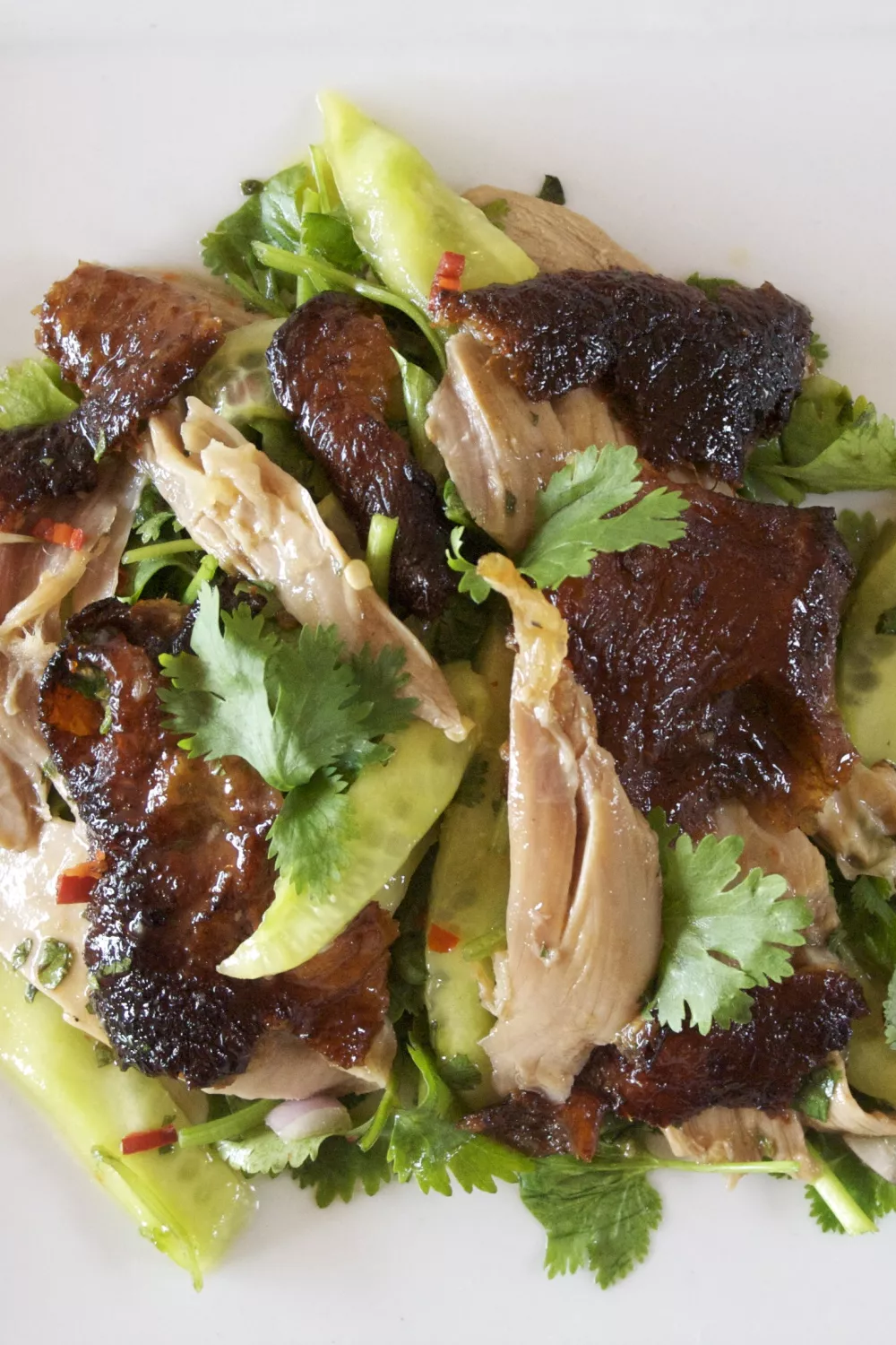 Frisse kruidensalade met sappige pekingeend en een pittige Aziatische dressing van zoetzure chilisaus en vissaus. Komkommer, munt, koriander en geraspte gember geven een zomerse crunch en aromatische frisheid, terwijl het vlees kort wordt opgewarmd in de oven en het vel knapperig gegrild. Perfect als licht hoofdgerecht voor warme dagen of als smaakvol gerecht bij een informele borrel.
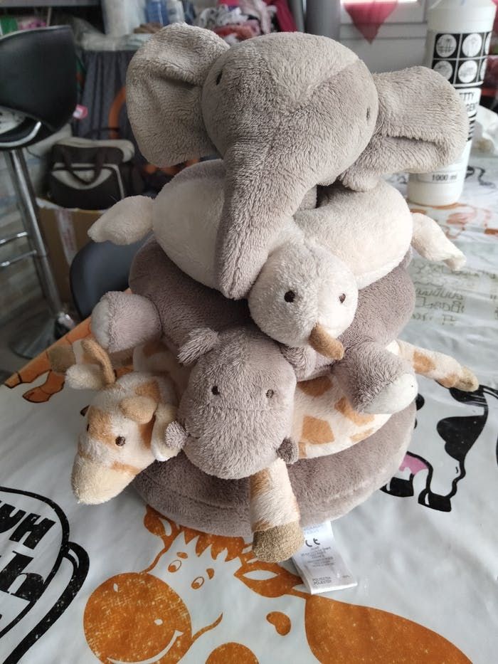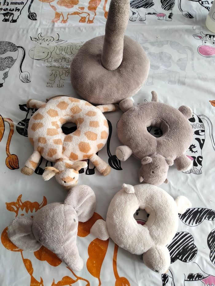 Socle de hochets qui font du bruit en peluche avec chaque étage un animal
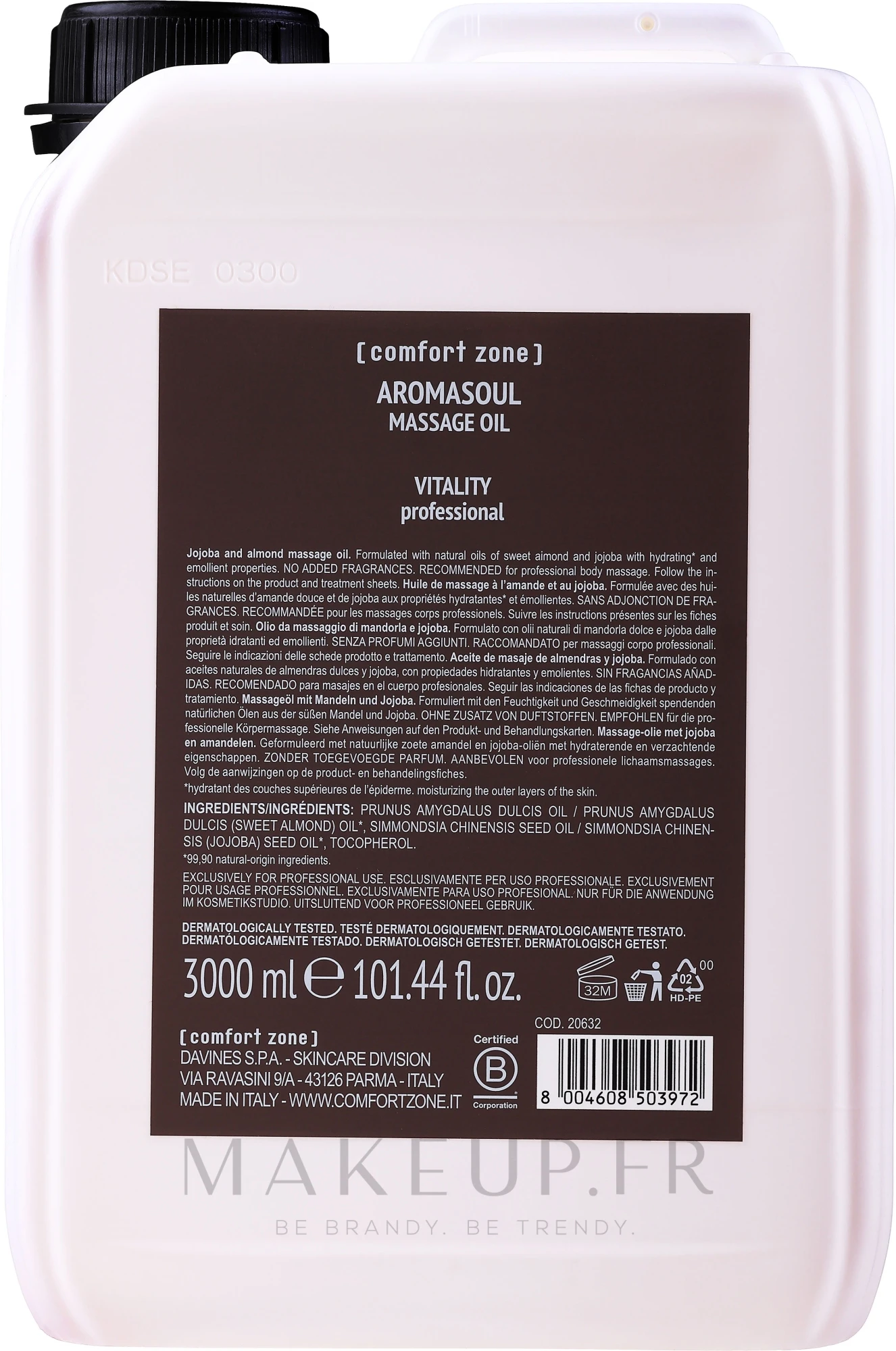 L’huile de massage Aromasoul de l’entreprise italienne Comfort Zone est formulée à base d’huiles végétales et vous offre une multitude de bienfaits. A l’aide de sa composition simple et naturelle, le produit agit avec délicatesse pour vous aider à nourrir la peau, à rétablir son élasticité et à calmer les démangeaisons. Les actions positives des huiles de jojoba, de sésame et d’amande douce sont complétées par les effets antioxydants et anti-inflammatoires de la vitamine E ajoutée à la contenance. L’huile Aromasoul assure un massage hydratant et en même temps relaxant qui vous aide à apaiser l’esprit et à embellir votre peau.

> Task to carry out
Your output must consist only of the lines from the line with "Socle de hochets" through the final line of the data, both included, reproduced exactly and free of pictures.

> Result below
 Socle de hochets qui font du bruit en peluche avec chaque étage un animal
 L’huile de massage Aromasoul de l’entreprise italienne Comfort Zone est formulée à base d’huiles végétales et vous offre une multitude de bienfaits. A l’aide de sa composition simple et naturelle, le produit agit avec délicatesse pour vous aider à nourrir la peau, à rétablir son élasticité et à calmer les démangeaisons. Les actions positives des huiles de jojoba, de sésame et d’amande douce sont complétées par les effets antioxydants et anti-inflammatoires de la vitamine E ajoutée à la contenance. L’huile Aromasoul assure un massage hydratant et en même temps relaxant qui vous aide à apaiser l’esprit et à embellir votre peau.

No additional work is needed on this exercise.